Area Identified = ismember(Labeled, indicies(sortedAreas>500));
Spots = Identified>0;
Step 5: Plotting the Diagnosed Mass Location and Size for Visual Comparison
I wanted to see if the spots found by bwlabel were correct. I did this in two ways. I first analyzed the accuracy of my classifier by doing a visual comparison. I simply plotted the actual size and location of the abnormality (red circle) and the location determined by the code (blue x) on the pre-processed mammogram image. The six images above show the effects of increasing the grayscale threshold value.
Step 6: Implementing the Second Comparison Method
The second way I tested the classifier and the threshold values were by determining if the locations found by the classifier were within a certain distance from the diagnosed abnormality coordinates. I saved the thresholds for which at least one of the identified points were within 1.5*r from the known abnormality to a separate text file called Mammogram Data. The purpose for this was to find the minimum threshold needed for my classifier to identify the abnormality.

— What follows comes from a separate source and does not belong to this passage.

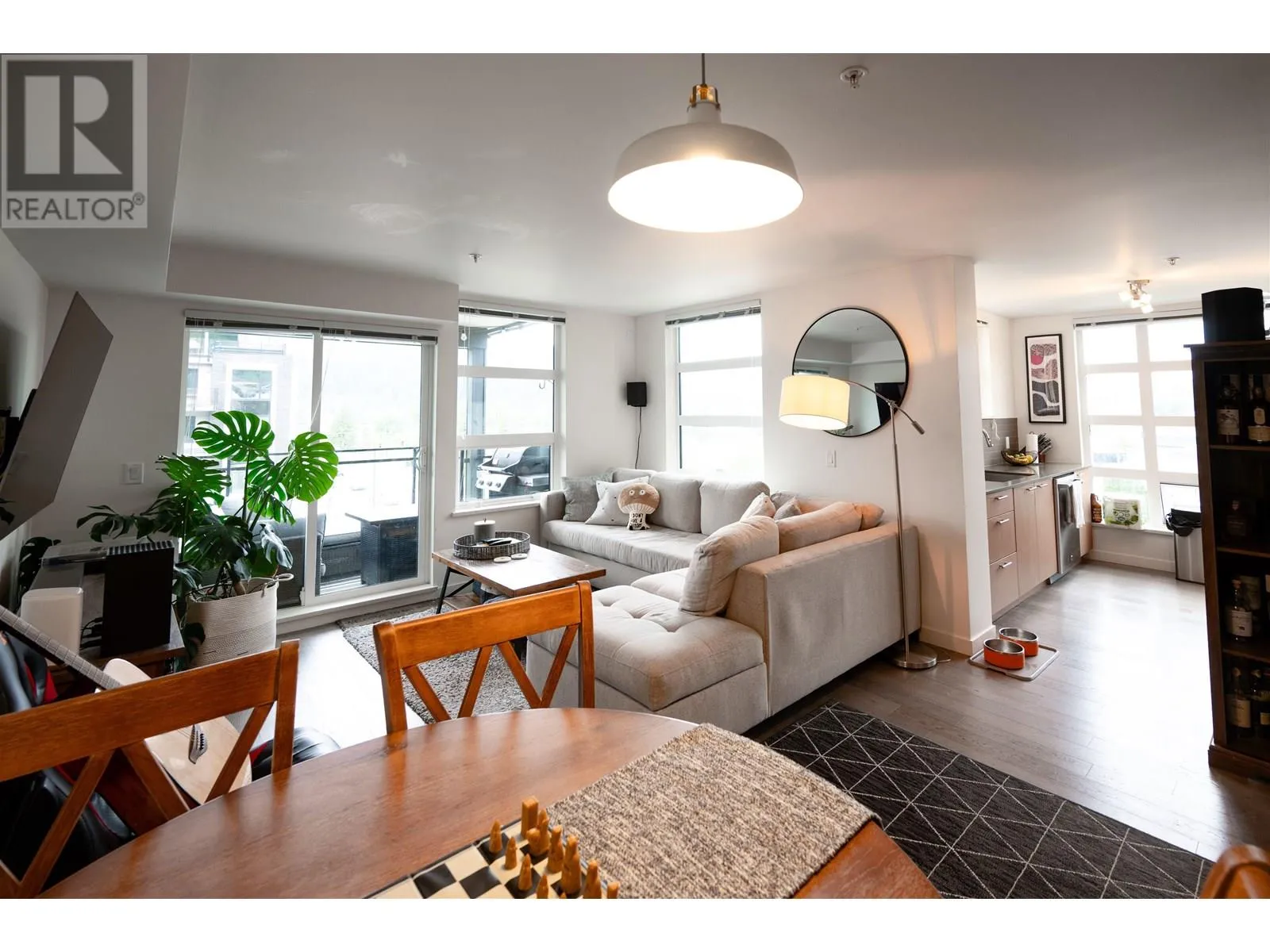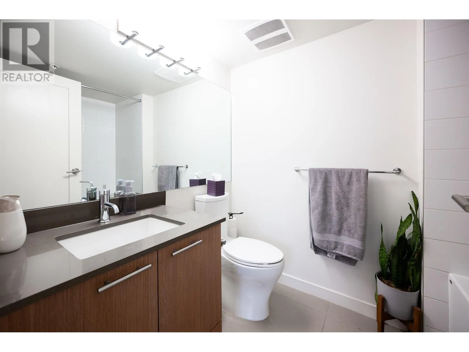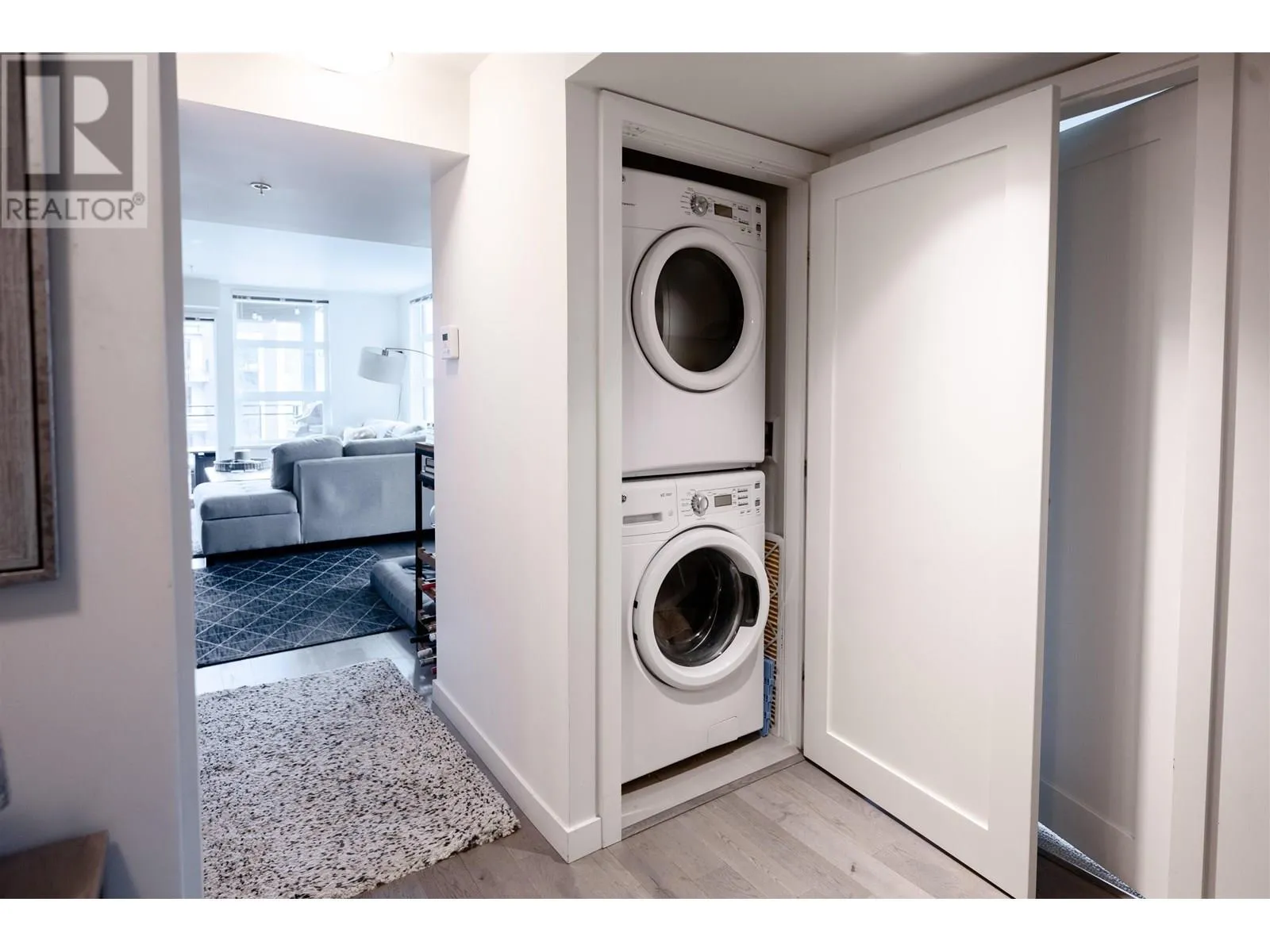 This 2-bedroom, 2-bath home at The Station offers 830 sqft of modern living in the heart of Port Moody. Enjoy mountain and Burrard Inlet views from your private balcony and natural light. Minutes walk to the West Coast Express and Evergreen Line SkyTrain, and steps from Rocky Point Park, local breweries, restaurants, cafes, trails, and top-rated schools-this location is second to none. The unit features quartz countertops, engineered hardwood floors, GE Cafe series appliances, a gas stove, and efficient geothermal heating & cooling included in the strata fees. Building amenities include a gym, visitor parking, common patio, and secure underground parking. Comes with 2 parking spots and 1 storage locker. (id:27476)

Step 7: Analyzing Collected Data
I ran the program on all the abnormal mammogram images and I was left with a huge text file of data. In order to find the best threshold for each type of tissue I organized the data by tissue type and plotted a histogram of the threshold values for each tissue type. The proper threshold value was decided upon which threshold provided the most accurate results for each tissue type. I saved this data to upload to my classifier.
Step 8: Making Your Own Classifier!
After I found the most appropriate threshold values for each tissue type, I edited my original code to have a user input the image number and tissue type to choose the threshold for the mammogram image. I then plotted the diagnosed mammogram location with the found locations on the original mammogram images. I wanted to make this more fun so I programmed a function to crop a circular region surrounding ROI. The user would be instructed to pick a center point and several points that best encompass the ROI. I attached both matlab files here.
Step 9: Improvements? Any Thoughts?
As I was writing this instructable I begin to see many improvements I could make to the classifier such as finding ways to distinguish between different types of masses identified based on texture analysis or improving my testing for accuracy section of the SandBoxProject. file. Since this was a project with a deadline I had to stop somewhere, but I'm hoping that I'll be able to use the image processing skills I learned in other applications. Also, I attached the file that was used to batch process all the abnormal mammogram images.